■ Problem details ■
Pictures aside, each entry has to be returned exactly as it stands.

■ Input for this task ■
* * * * * * *
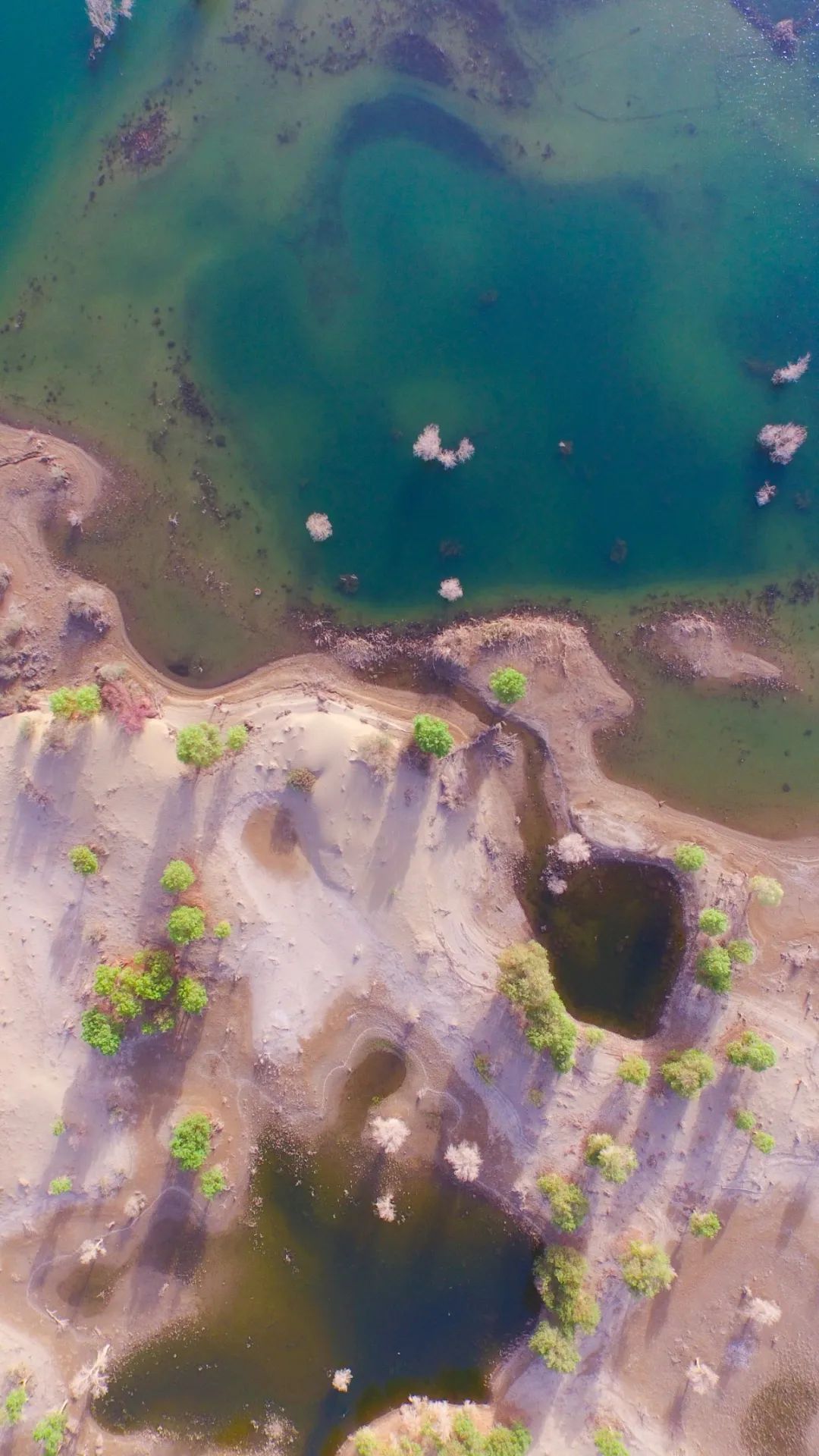 ▲ 内蒙古阿拉善沙漠中的达不苏湖景观。 图/视觉中国
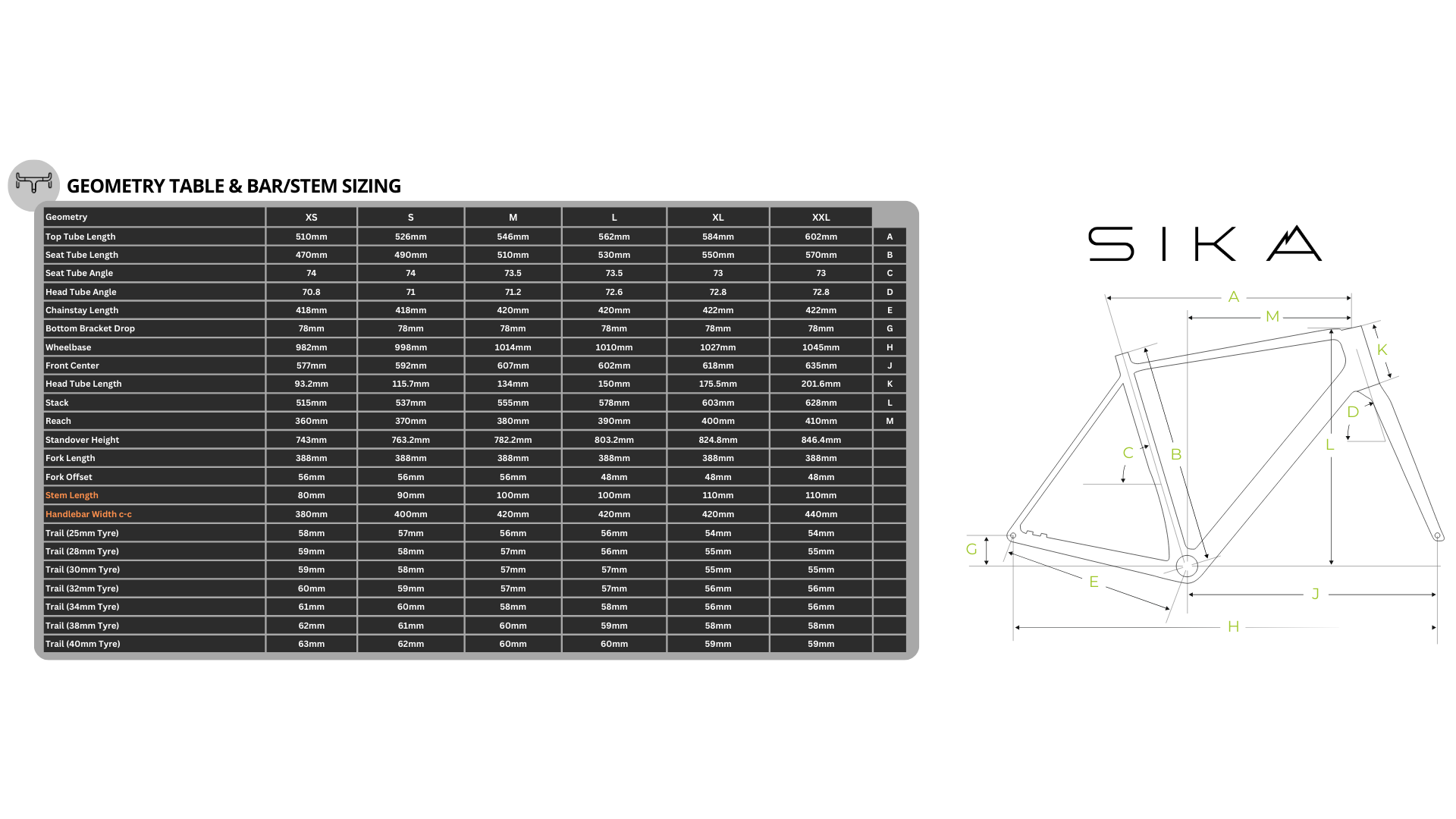 グリップと快適性を高めるために空気圧を下げたワイドタイヤを装着しても、操作のキレや安定感を失わないよう、緻密なジオメトリー設計が施されています。
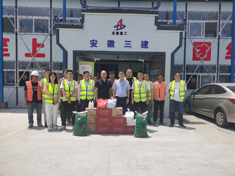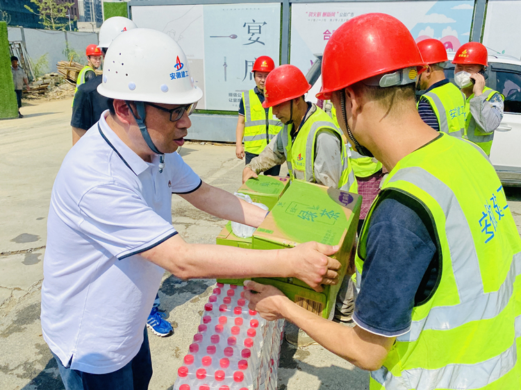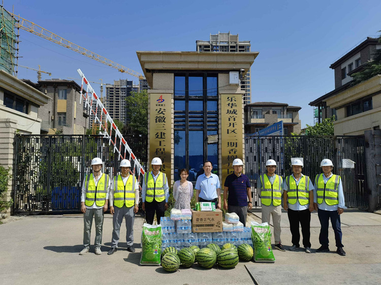 7月12日至15日,安装公司党支部书记刘旭峰和分公司副经理杨新华、徐萍、安全科科长万景行先后前往合肥一中瑶海校区项目、合肥智慧产业园项目、合肥一中改造项目、北城医院项目、合肥市中心图书馆项目、工投蜀山慧谷产业园等项目现场,慰问在炎炎夏日仍坚持作业的项目部一线职工,及时为他们送去了防暑降温用品。
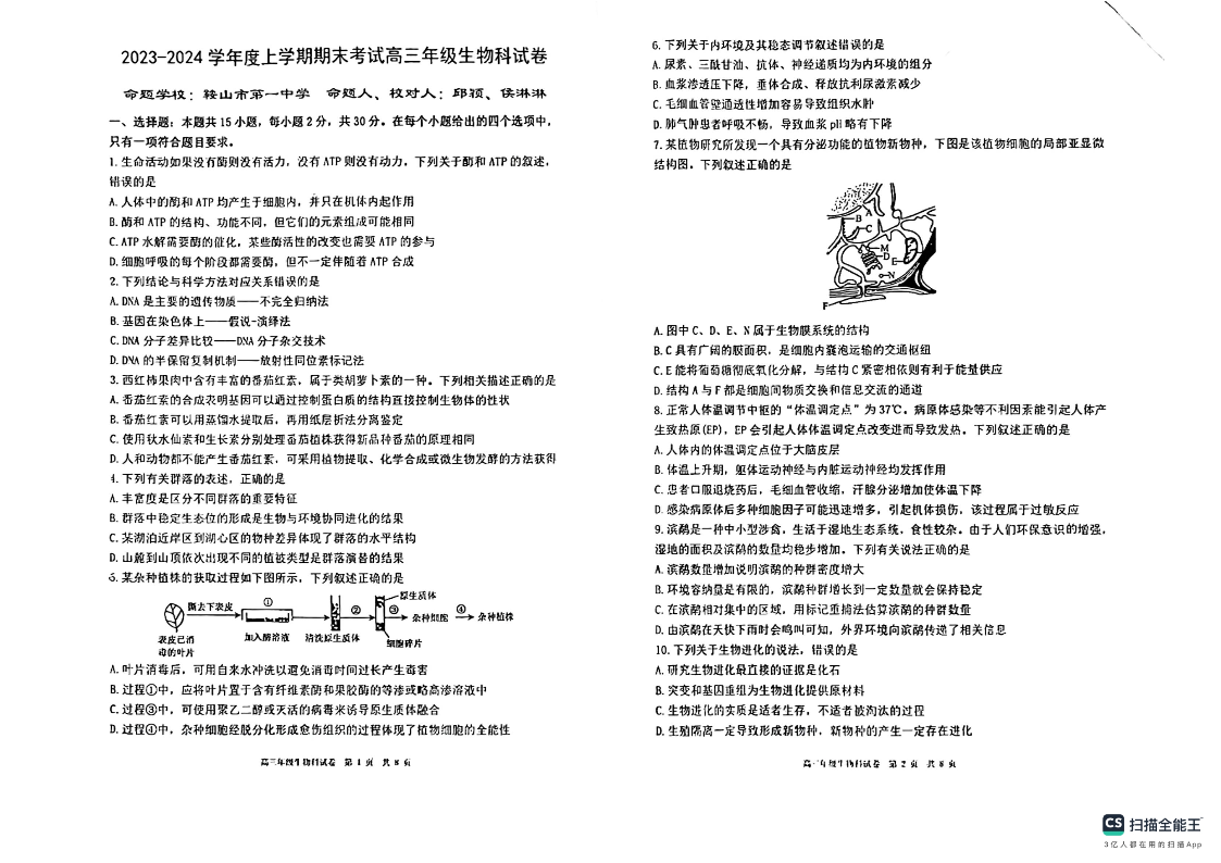 辽宁省五校联考(大连市二十四中学、大连八中、辽宁省实验中学、鞍山一中、东北育才学校)2024届高三上学期期末考试生物
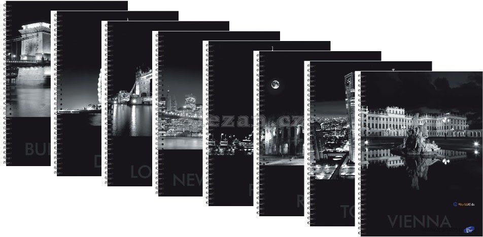 černobílé fotografie světových metropolí tvoří kolekci obalů
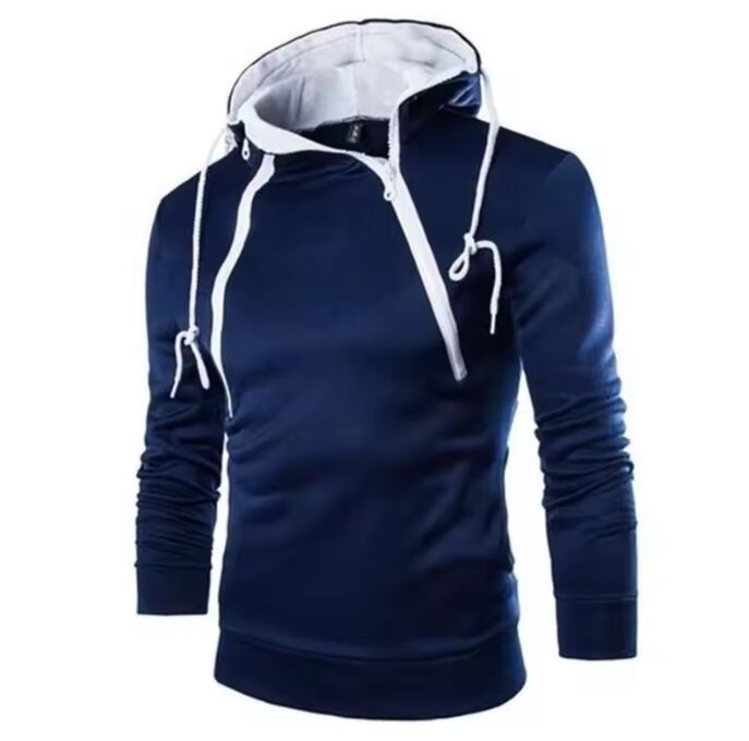 フード付きダブルジッパー・プルオーバー(ブルー)
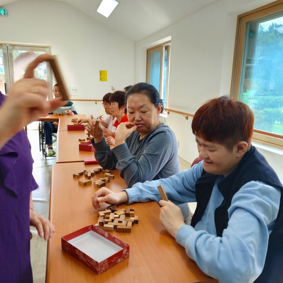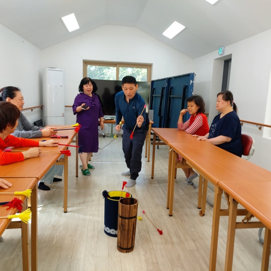 다목적실에 모여 싱글벙글 인지놀이를 진행하였습니다. 블록놀이와 투호놀이를 진행하였습니다.
* * * * * * *
■ Expected answer ■
 ▲ 内蒙古阿拉善沙漠中的达不苏湖景观。 图/视觉中国
 グリップと快適性を高めるために空気圧を下げたワイドタイヤを装着しても、操作のキレや安定感を失わないよう、緻密なジオメトリー設計が施されています。
 7月12日至15日,安装公司党支部书记刘旭峰和分公司副经理杨新华、徐萍、安全科科长万景行先后前往合肥一中瑶海校区项目、合肥智慧产业园项目、合肥一中改造项目、北城医院项目、合肥市中心图书馆项目、工投蜀山慧谷产业园等项目现场,慰问在炎炎夏日仍坚持作业的项目部一线职工,及时为他们送去了防暑降温用品。
 辽宁省五校联考(大连市二十四中学、大连八中、辽宁省实验中学、鞍山一中、东北育才学校)2024届高三上学期期末考试生物
 černobílé fotografie světových metropolí tvoří kolekci obalů
 フード付きダブルジッパー・プルオーバー(ブルー)
 다목적실에 모여 싱글벙글 인지놀이를 진행하였습니다. 블록놀이와 투호놀이를 진행하였습니다.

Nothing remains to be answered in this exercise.